Semantic Validation in Structure from Motion

The Structure from Motion (SfM) challenge in computer vision is the process of recovering the 3D structure of a scene from a series of projective measurements that are calculated from a collection of 2D images, taken from different perspectives. SfM consists of three main steps; feature detection and matching, camera motion estimation, and recovery of 3D structure from estimated intrinsic and extrinsic parameters and features. A problem encountered in SfM is that scenes lacking texture or with repetitive features can cause erroneous feature matching between frames. Semantic segmentation offers a route to validate and correct SfM models by labelling pixels in the input images with the use of a deep convolutional neural network.
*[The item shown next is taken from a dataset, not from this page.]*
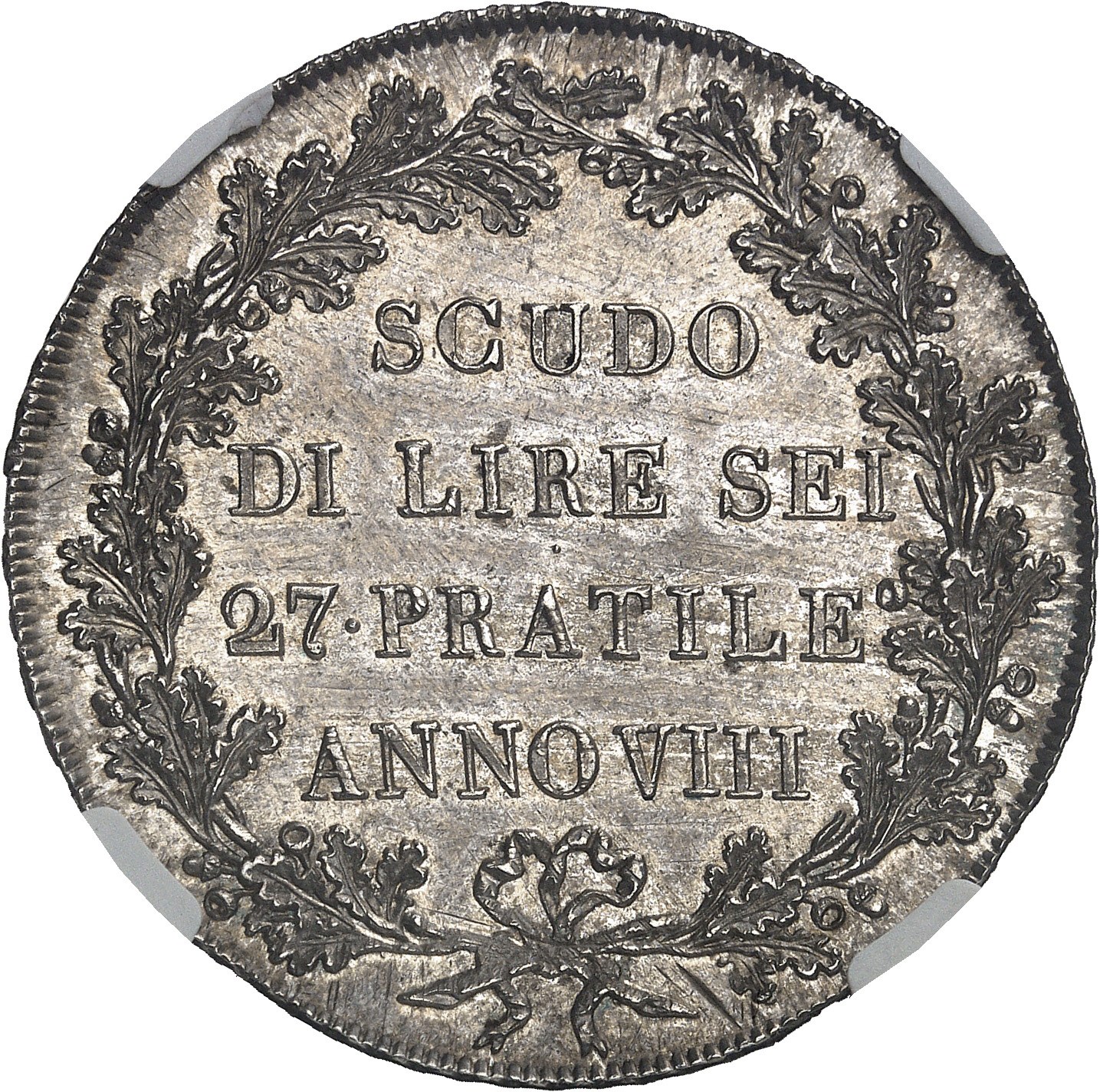 République Cisalpine (1797-1802). Écu (scudo) de 6 lire An VIII (1800), Milan. NGC MS 62 (6647372-003).

The semantic and geometric properties associated with classes in the scene can be taken advantage of to apply prior constraints to each class of object. The SfM pipeline COLMAP and semantic segmentation pipeline DeepLab were used. This, along with planar reconstruction of the dense model, were used to determine erroneous points that may be occluded from the calculated camera position, given the semantic label, and thus prior constraint of the reconstructed plane. Herein, semantic segmentation is integrated into SfM to apply priors on the 3D point cloud, given the object detection in the 2D input images. Additionally, the semantic labels of matched keypoints are compared and inconsistent semantically labelled points discarded. Furthermore, semantic labels on input images are used for the removal of objects associated with motion in the output SfM models. The proposed approach is evaluated on a data-set of 1102 images of a repetitive architecture scene. This project offers a novel method for improved validation of 3D SfM models.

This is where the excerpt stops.